### [SUPPLIED DATA]

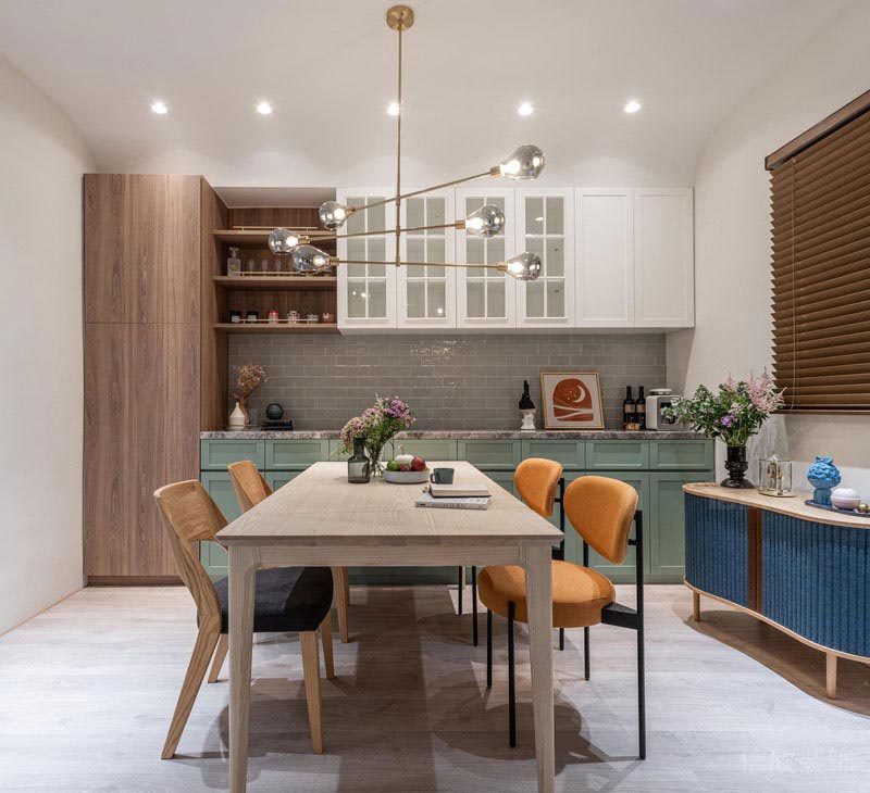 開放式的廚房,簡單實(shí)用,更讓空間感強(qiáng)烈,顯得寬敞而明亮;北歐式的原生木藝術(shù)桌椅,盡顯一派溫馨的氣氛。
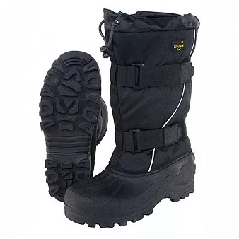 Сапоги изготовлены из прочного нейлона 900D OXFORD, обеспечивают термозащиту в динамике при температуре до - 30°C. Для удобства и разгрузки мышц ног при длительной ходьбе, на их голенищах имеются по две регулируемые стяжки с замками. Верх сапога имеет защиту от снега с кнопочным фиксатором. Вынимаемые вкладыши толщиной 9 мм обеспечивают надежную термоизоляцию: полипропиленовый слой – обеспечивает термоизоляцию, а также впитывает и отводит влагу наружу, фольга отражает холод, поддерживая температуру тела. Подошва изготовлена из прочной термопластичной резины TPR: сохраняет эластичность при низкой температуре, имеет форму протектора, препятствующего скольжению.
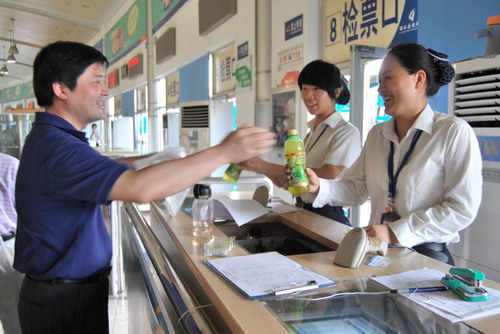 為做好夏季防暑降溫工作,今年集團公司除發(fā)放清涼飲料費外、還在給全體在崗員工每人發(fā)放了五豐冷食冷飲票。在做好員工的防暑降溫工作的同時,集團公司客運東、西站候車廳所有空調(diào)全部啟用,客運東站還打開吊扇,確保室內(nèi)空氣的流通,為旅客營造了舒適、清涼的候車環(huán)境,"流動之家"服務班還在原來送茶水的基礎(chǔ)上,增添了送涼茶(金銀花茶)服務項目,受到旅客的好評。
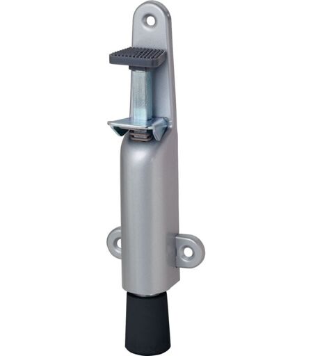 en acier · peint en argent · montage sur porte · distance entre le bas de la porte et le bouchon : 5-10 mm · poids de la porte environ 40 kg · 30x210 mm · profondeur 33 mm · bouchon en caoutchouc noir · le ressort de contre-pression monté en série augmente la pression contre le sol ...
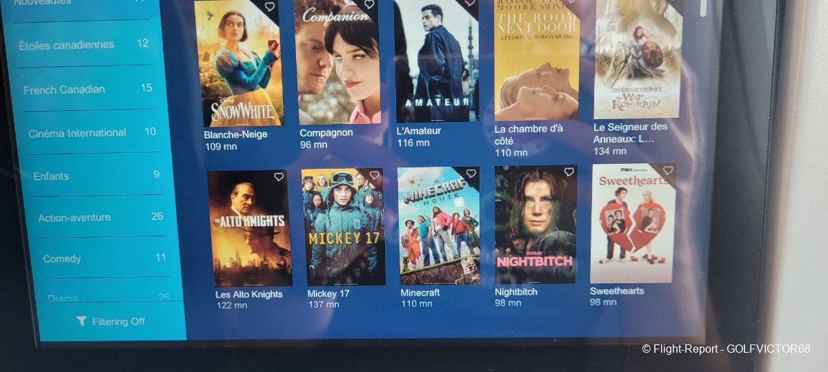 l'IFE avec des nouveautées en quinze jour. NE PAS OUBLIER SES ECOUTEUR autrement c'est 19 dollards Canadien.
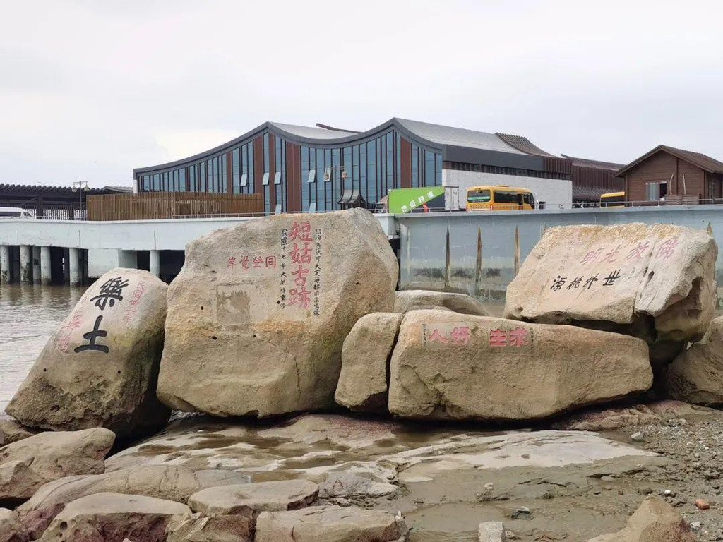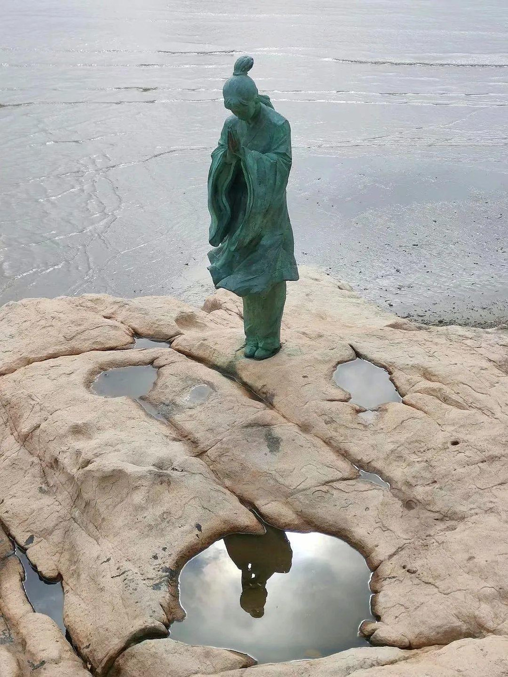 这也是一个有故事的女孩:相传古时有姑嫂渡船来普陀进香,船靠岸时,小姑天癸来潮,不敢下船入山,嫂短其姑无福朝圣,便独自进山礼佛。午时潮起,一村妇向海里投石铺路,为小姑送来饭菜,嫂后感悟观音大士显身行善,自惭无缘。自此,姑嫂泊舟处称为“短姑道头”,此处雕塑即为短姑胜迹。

...

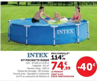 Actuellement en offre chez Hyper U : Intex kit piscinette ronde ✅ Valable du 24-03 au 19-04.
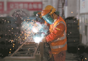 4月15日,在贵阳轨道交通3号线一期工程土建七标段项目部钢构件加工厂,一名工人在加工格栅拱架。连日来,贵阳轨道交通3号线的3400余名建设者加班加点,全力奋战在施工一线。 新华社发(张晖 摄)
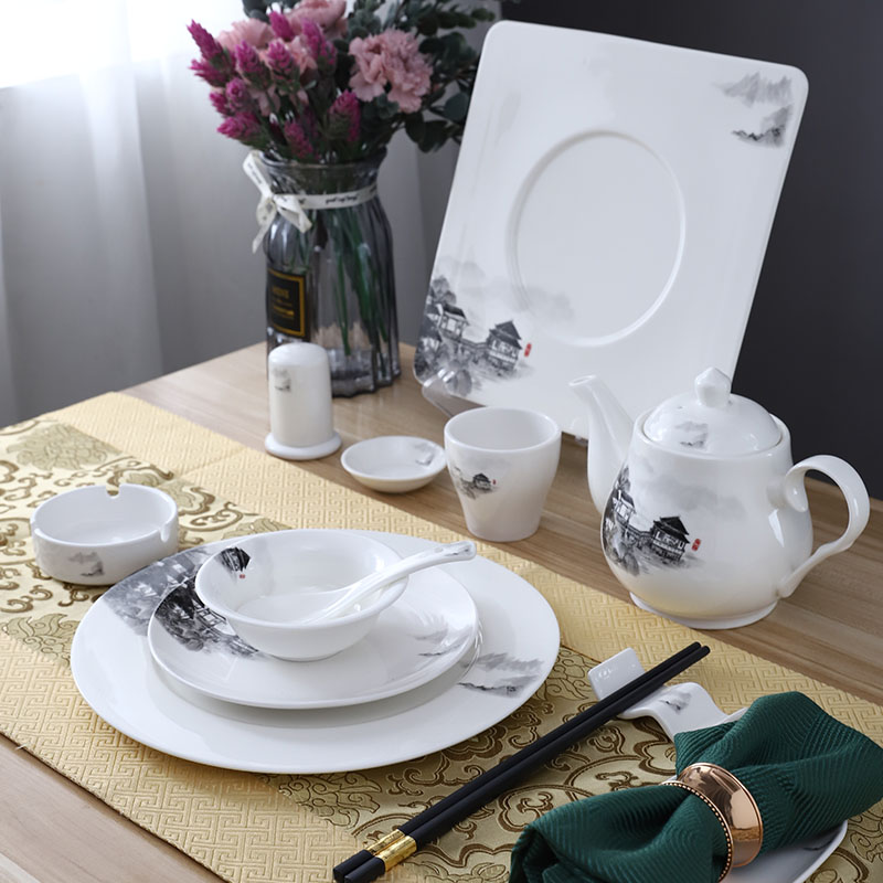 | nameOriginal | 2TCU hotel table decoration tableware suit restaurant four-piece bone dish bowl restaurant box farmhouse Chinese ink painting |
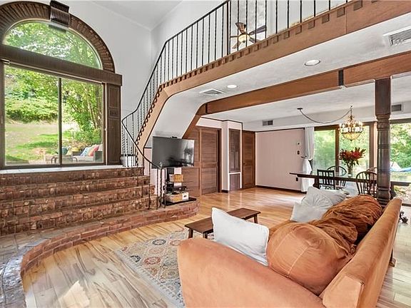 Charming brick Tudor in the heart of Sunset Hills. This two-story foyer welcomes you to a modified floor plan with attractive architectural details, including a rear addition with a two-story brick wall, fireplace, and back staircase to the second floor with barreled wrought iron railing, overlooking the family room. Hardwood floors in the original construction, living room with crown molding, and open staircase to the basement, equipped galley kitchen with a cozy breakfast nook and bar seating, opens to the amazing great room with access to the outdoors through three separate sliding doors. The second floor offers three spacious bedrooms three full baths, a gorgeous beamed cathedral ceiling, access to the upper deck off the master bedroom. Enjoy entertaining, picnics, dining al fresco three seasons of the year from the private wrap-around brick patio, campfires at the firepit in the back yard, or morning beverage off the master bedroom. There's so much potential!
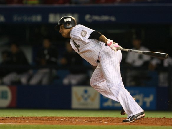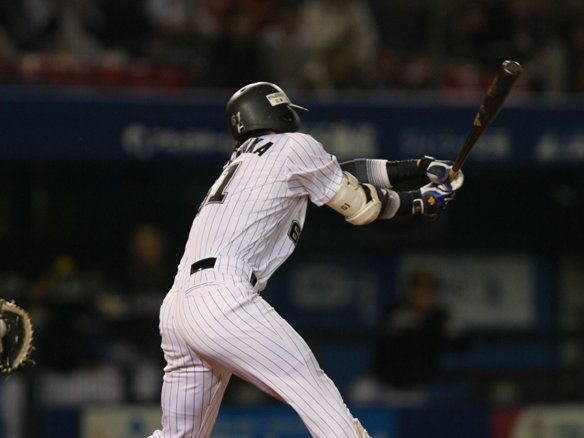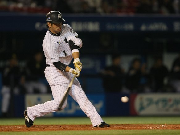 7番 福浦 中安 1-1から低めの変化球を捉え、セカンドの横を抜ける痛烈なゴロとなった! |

### [WORK INSTRUCTION]
In the entries above, which lines run from the one with "為做好夏季防暑降溫工作,今年" up to and including the one with "l'IFE avec des"? Write them out exactly, without the pictures.

### [OUTPUT OF THE TASK]
 為做好夏季防暑降溫工作,今年集團公司除發(fā)放清涼飲料費外、還在給全體在崗員工每人發(fā)放了五豐冷食冷飲票。在做好員工的防暑降溫工作的同時,集團公司客運東、西站候車廳所有空調(diào)全部啟用,客運東站還打開吊扇,確保室內(nèi)空氣的流通,為旅客營造了舒適、清涼的候車環(huán)境,"流動之家"服務班還在原來送茶水的基礎(chǔ)上,增添了送涼茶(金銀花茶)服務項目,受到旅客的好評。
 en acier · peint en argent · montage sur porte · distance entre le bas de la porte et le bouchon : 5-10 mm · poids de la porte environ 40 kg · 30x210 mm · profondeur 33 mm · bouchon en caoutchouc noir · le ressort de contre-pression monté en série augmente la pression contre le sol ...
 l'IFE avec des nouveautées en quinze jour. NE PAS OUBLIER SES ECOUTEUR autrement c'est 19 dollards Canadien.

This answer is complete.